Kalousdian Armenian School (Գալուստեան Ազգային Վարժարան, مدرسة كالوسديان الأرمنية) was established in 1854 by Garabed Agha Kaloustian (or Kalousdian). The school is the oldest standing institution of private education in Egypt and the oldest standing Armenian educational institution in Egypt.

== About ==
Kalousdian Armenian School provides a four-stage education: pre-K/kindergarten, primary, preparatory, and secondary. It eventually integrated a K-12 program so that graduating students could enter the Egyptian university system. The language of instruction is English, however courses in Armenian language, literature, religion, music and history are part of the core curriculum, keeping the culture and language alive and enabling graduating students to continue their studies in Armenia if they wished to do so. Arabic language and other courses in Arabic (such as Egyptian history, social studies, civics and religion) as well as a second foreign language, are also taught as a prerequisite to obtaining the Egyptian General Secondary Certificate. The school strives to instill and maintain Armenian language, history, culture and religion in the children of the Armenian Community.

==History==
The Primary Clerical School was built in 1854 as a Formal School and was named Khorenian, after the Armenian historian Movses Khorenatsi. In 1897, Khorenian School was renamed after its Founder, Garabed Agha Kalousd, and became known as Kalousdian Armenian School. In the same year, the Kalousdian kindergarten was founded at one of St. Asdvadzadzin Church's buildings in the Bein Al Souren district.

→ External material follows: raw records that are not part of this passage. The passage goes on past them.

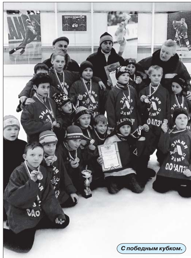
С победным кубком.

8 команд юга Нижегородской области боролись за выход в следующий этап игр на призы «Золотая шайба».
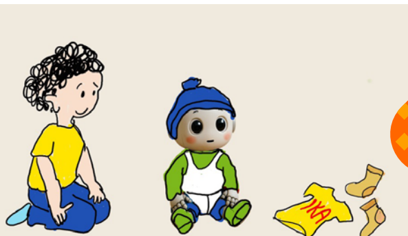
▲ Afbeelding 3: Ika, de robot uit Japan.

De kinderen doen eerst een klassikale activiteit waarin ze nadenken over verschillende volgordes om Ika, de robot uit Japan, kledingstukken aan te trekken (afbeelding 3). Daarna volgt een circuit met activiteiten die steeds
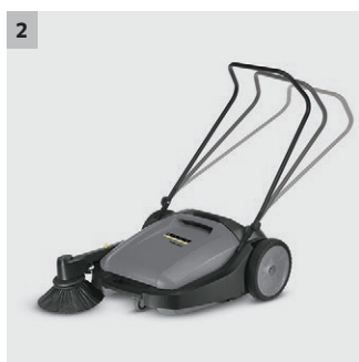
2 Nastavitelné držadlo
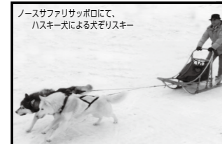
ノースアフリカサッポロにて、ハスキー犬による犬ぞりスキー

新年明けましておめでとうございます 今年も川根自動車を、よろしくお願いたします。
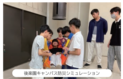
後楽園キャンパス防災シミュレーション
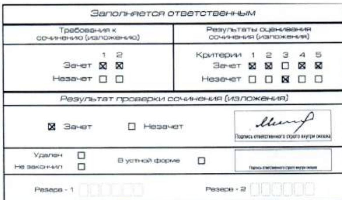
Рис. 11. Область для оценки работы

После окончания заполнения бланка регистрации ответственное лицо ставит свою подпись в специально отведенном для этого поле.
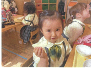
今日の果物はりんご でして秋だね
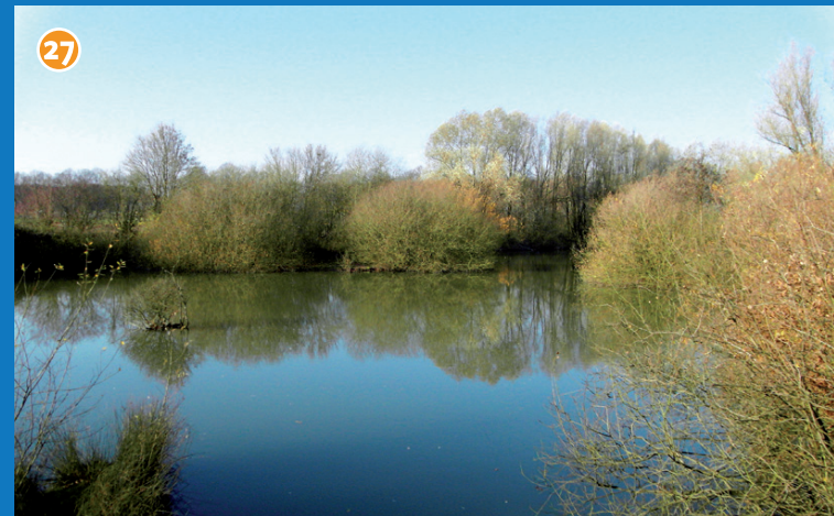
Naturschutzgebiet Plümer Feld Verwunschene, reich strukturierte ehemalige Tongrube, Amphibien-Vorkommen mit Laubfrosch und sieben weiteren Arten. Ehrenamtlich betreut.
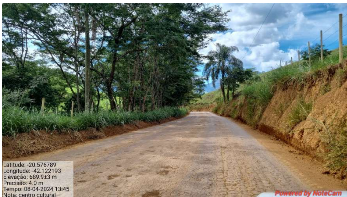
15 - APÓS 950,0 METROS DO INICIO DO TRECHO
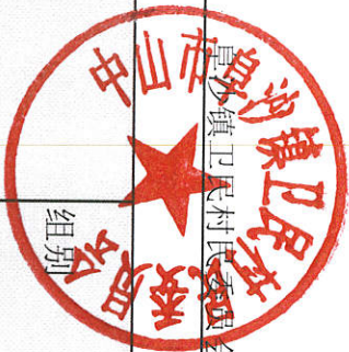
农资综合直补资金分配情况表
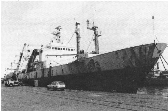
“Geng Hai” Foto ( ); Schiffahrt International 1986, Nr. 07
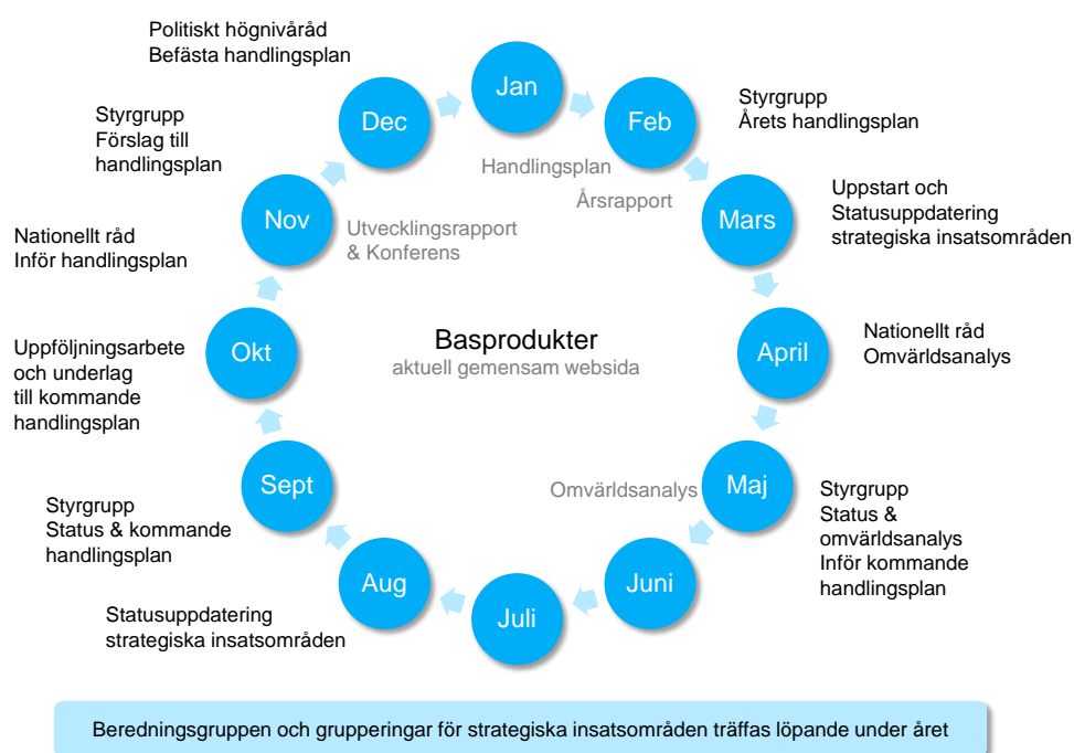
Figur 2. Handlingsplanens årsprocess.

Arbetet med att genomföra handlingsplanen följer en årlig process enligt förslagen modell i figur 2. Syftet är att skapa en struktur för framförhållning vad gäller löpande planering, genomförande, uppföljning, styrning, rapportering och arenor för dialog.
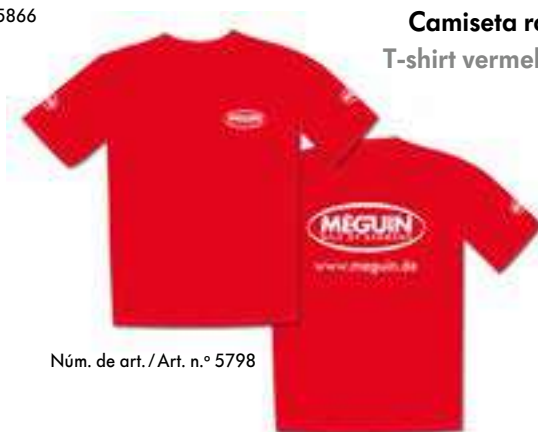
Núm. de art./ Art. n.º 5798
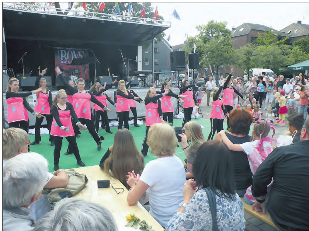
Die Tanzgarde der „KG Närrische Elf“ erfreute die Besucher des Marktfestes mit Schwung und Perfektion.
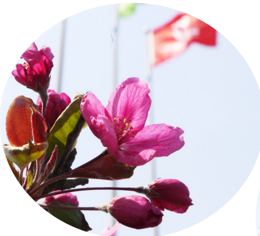
□图/石化集团 刘志刚
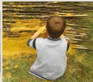
Atelier torchis néolithique
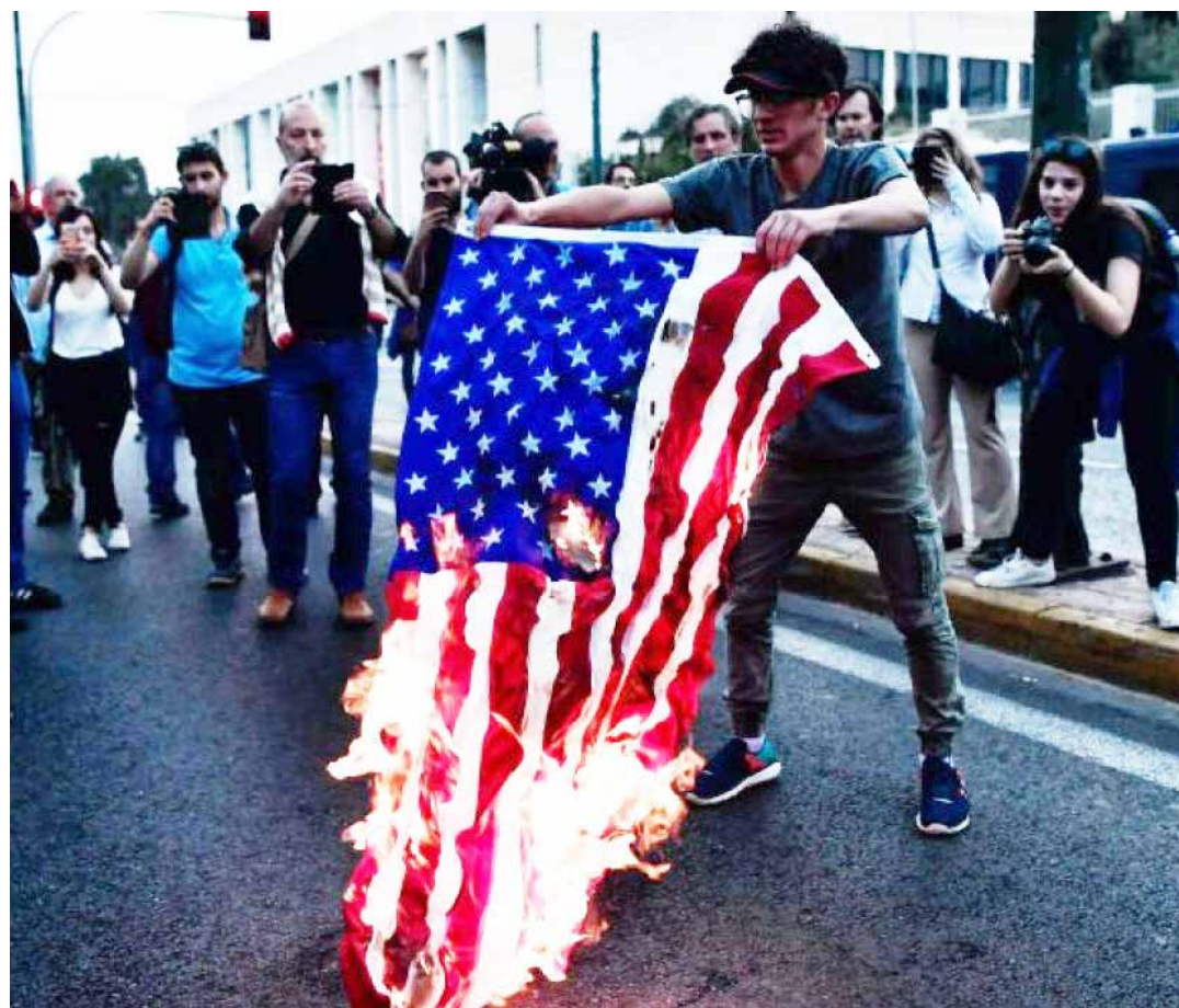
El mundo se ha levantado contra la agresión injustificada a la nación árabe.

cen hoy en Siria, pretenden hacerlo contra Venezuela los agentes de la derecha y el neoliberalismo regional que buscan a toda costa una intervención militar en la Patria de Bolívar y Chávez para derrocar a la Revolución Bolivariana.
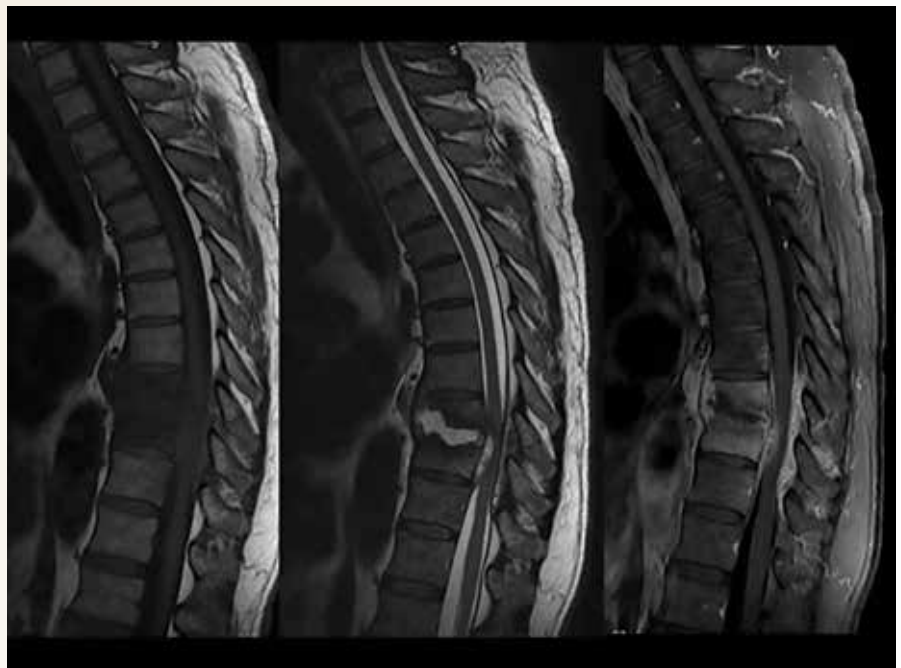
Figura 2. Imágenes de resonancia magnética en plano sagital ponderadas en T1, T2 y T1 Gd y fat/sat
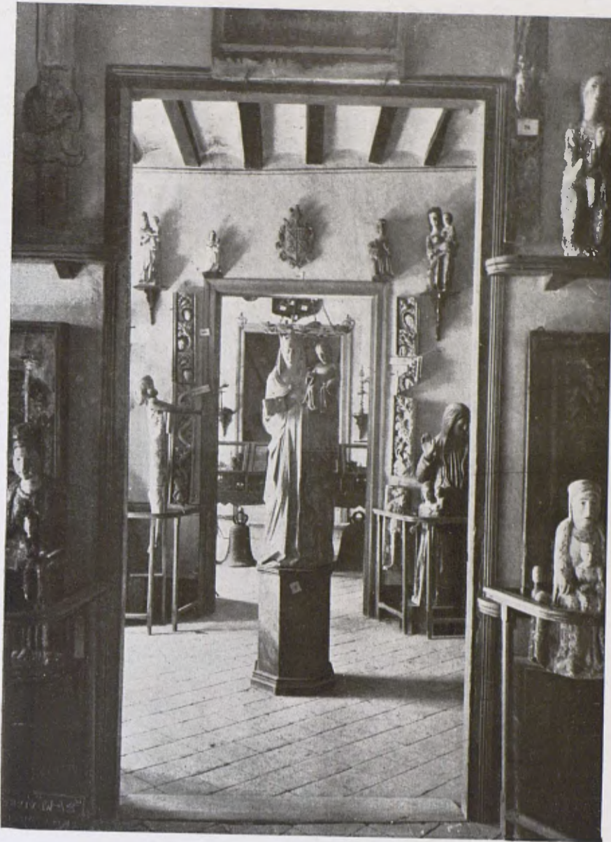
Les sales d'escultura del Museu Diocesà de Vich.
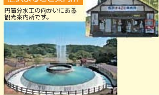
円筒分水工の向かいにある観光案内所です。
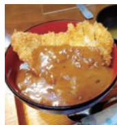
▲太郎館(只見町) カツカレー
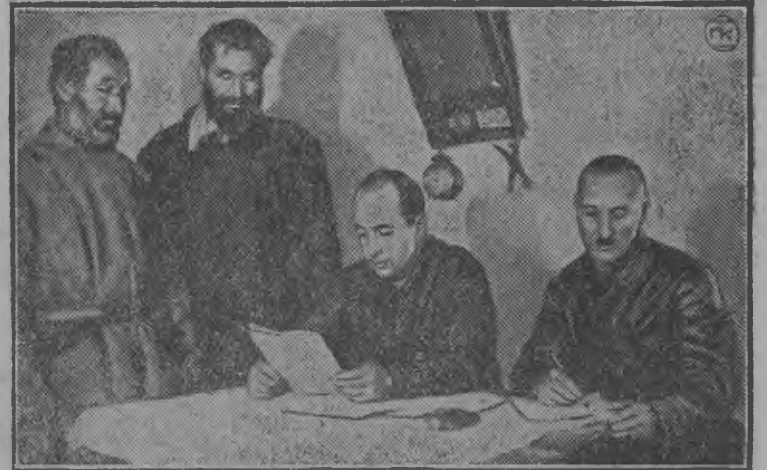
Москvaisь гуртэ потэм ужась бригада Оренбург округын Сергиев гуртын лишенец'ёслэсь курисконзэс учко.
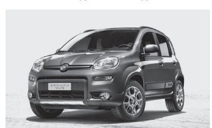
Fiat PANDA. 4 x 4. 初代の面影は消滅
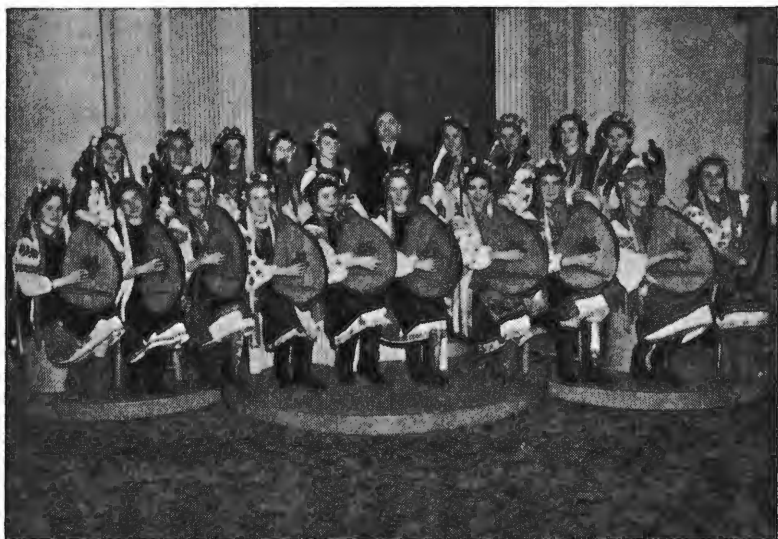
Ансамбль бандуристок із своїм диригентом

Ансамбль бандуристок при Осередку СУМА ім. П. Орлика в Дітройті, ЗДА.
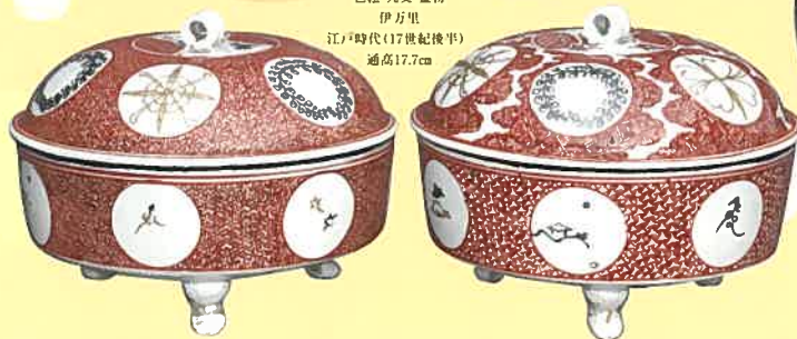
色絵 丸文 蓋物 伊万里 江戸時代(17世紀後半) 通高17.7cm

In 1907, the school relocated to a more spacious area in Beau-Lac area, later known as Boulaq district, its greater part was donated by Nubar Pasha to establish a school for the students of the Armenian community in Egypt. At that time, the Armenian Patriarchate building and the house of the Primate were transferred to the school's new location where they remained for several years. In 1935, another Kindergarten was founded in the Shoubra district. Armenian schools in Egypt are supported in part by the Prelacy of the Armenian Church in Egypt. Kalousdian, however, is mainly supported by an endowment set by the founder Garabed Agha Kalousd. The main building lay where the 6th of October Bridge lies. During the building phase of the bridge, the building was torn down. Only the secondary building and the playground remain.

Painter Ashot Zorian taught at the school from 1941 to 1952.

== Events ==
Annual events at the school include Homecoming (late fall), Gaghant (Christmas/New Year celebration, last school day of the year), Paregentan (Armenian Halloween, mid February) and Vartanants (Saint Vartan's).

Armenian schools in Egypt (Kalousdian, Nubarian and Boghossian) and the Armenian Apostolic Church form a social network, celebrating Armenian national and religious Events such as the 1915 Genocide Commemoration, and the Annual Christmas Paradon (a Holiday themed talent show) together.